BEGIN Data to examine

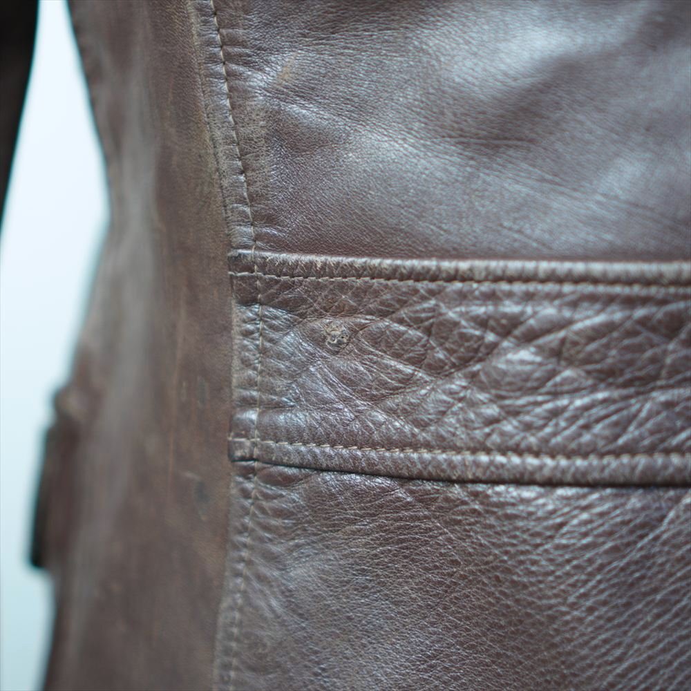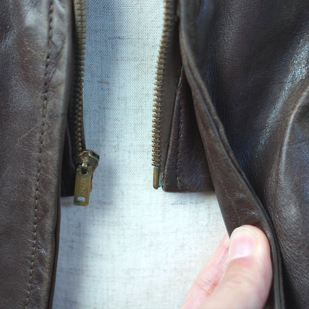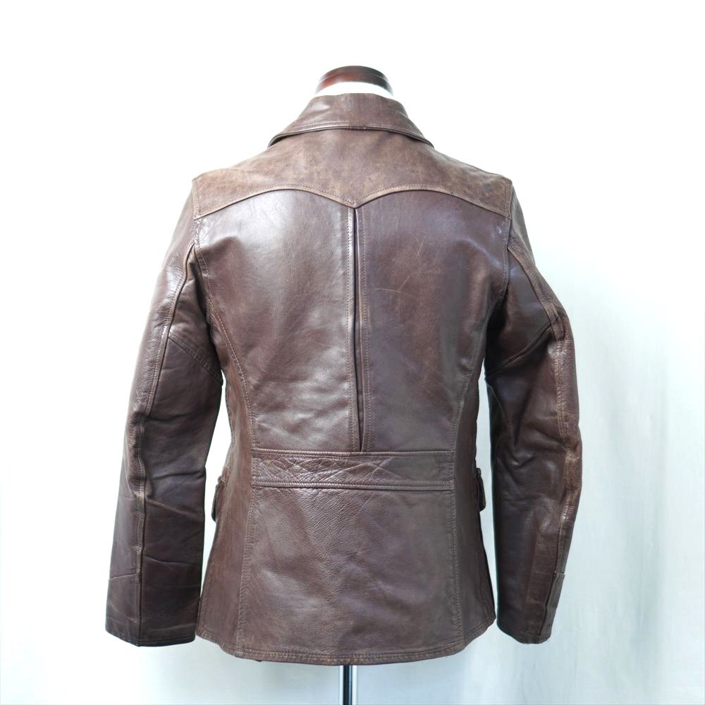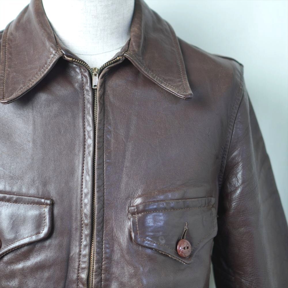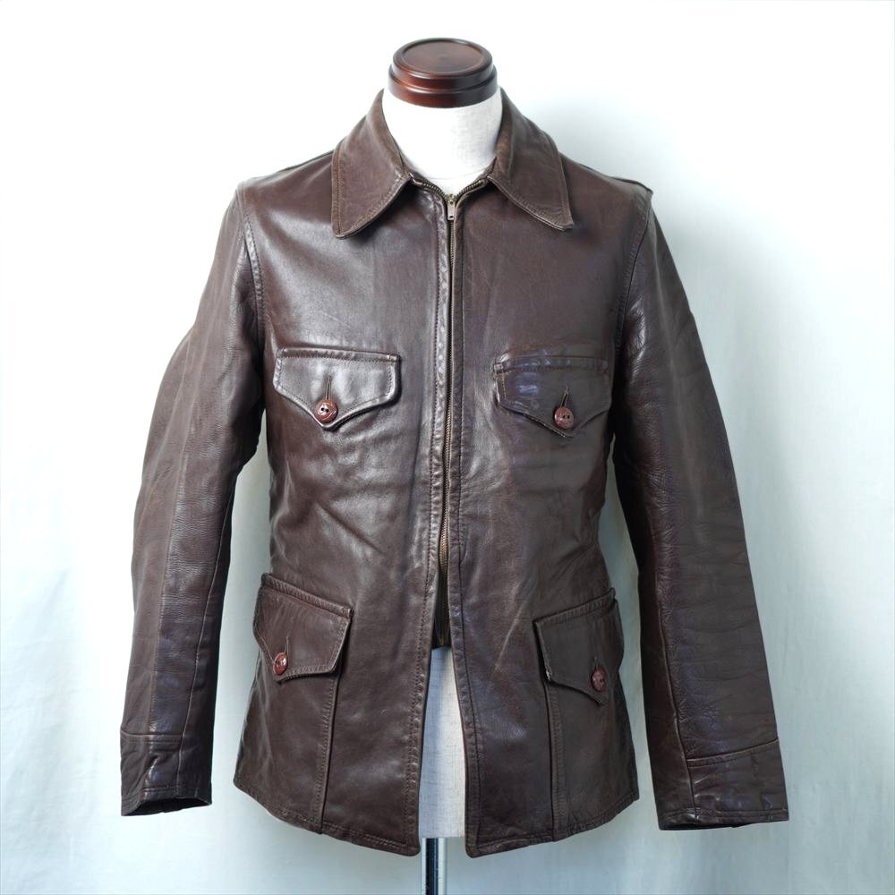 30s40s50s ビンテージ レザー スポーツジャケット ハーフ丈 4ポケ ブラウン 革ジャン
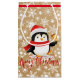 Christmas penguin with bell and snow on paper bag look
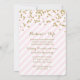 Elegant wedding vow renewal invitations in light pastel blush pink and white stripes pattern with gold colour confetti and handwritten style lettering. Fully customisable text to include your vow renewal ceremony details.
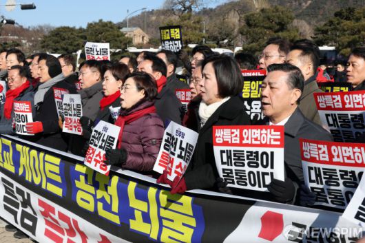 [서울=뉴스핌] 정일구 기자 = 국민의힘 의원들이 20일 오전 서울 종로구 청와대 분수대 앞에서 열린 통일교 게이트·더불어민주당 공천뇌물 특검 촉구 규탄대회에서 구호를 외치고 있다. 2026.01.20 mironj19@newspim.com
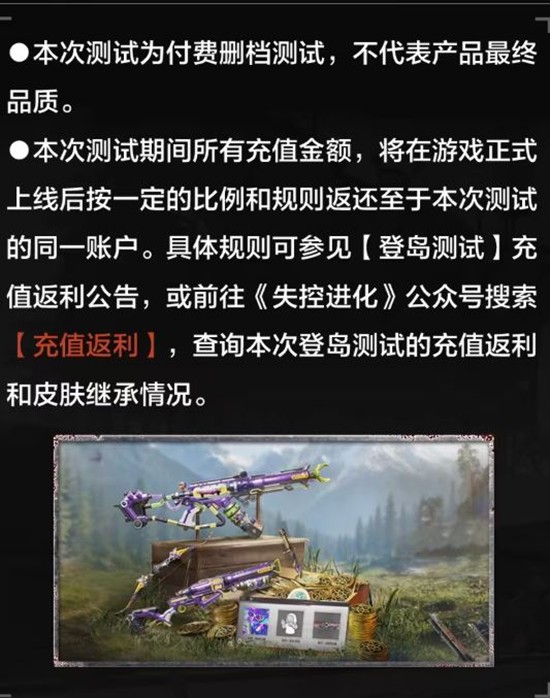 本次测试期间所有充值金额,将在游戏正式上线后按一定的比例和规则返还至于本次测试的同一账户。具体规则可参见【登岛测试】充值返利公告,或前往《失控进化》公众号搜索【充值返利】,查询本次登岛测试的充值返利和皮肤继承情况。

END Data to examine

:: Prompt ::
Exactly as they appear, please return only the lines from the first line of the records through the line containing "Elegant wedding vow", both included, leaving out all pictures.

:: Answer to this problem ::
 30s40s50s ビンテージ レザー スポーツジャケット ハーフ丈 4ポケ ブラウン 革ジャン
 Christmas penguin with bell and snow on paper bag look
 Elegant wedding vow renewal invitations in light pastel blush pink and white stripes pattern with gold colour confetti and handwritten style lettering. Fully customisable text to include your vow renewal ceremony details.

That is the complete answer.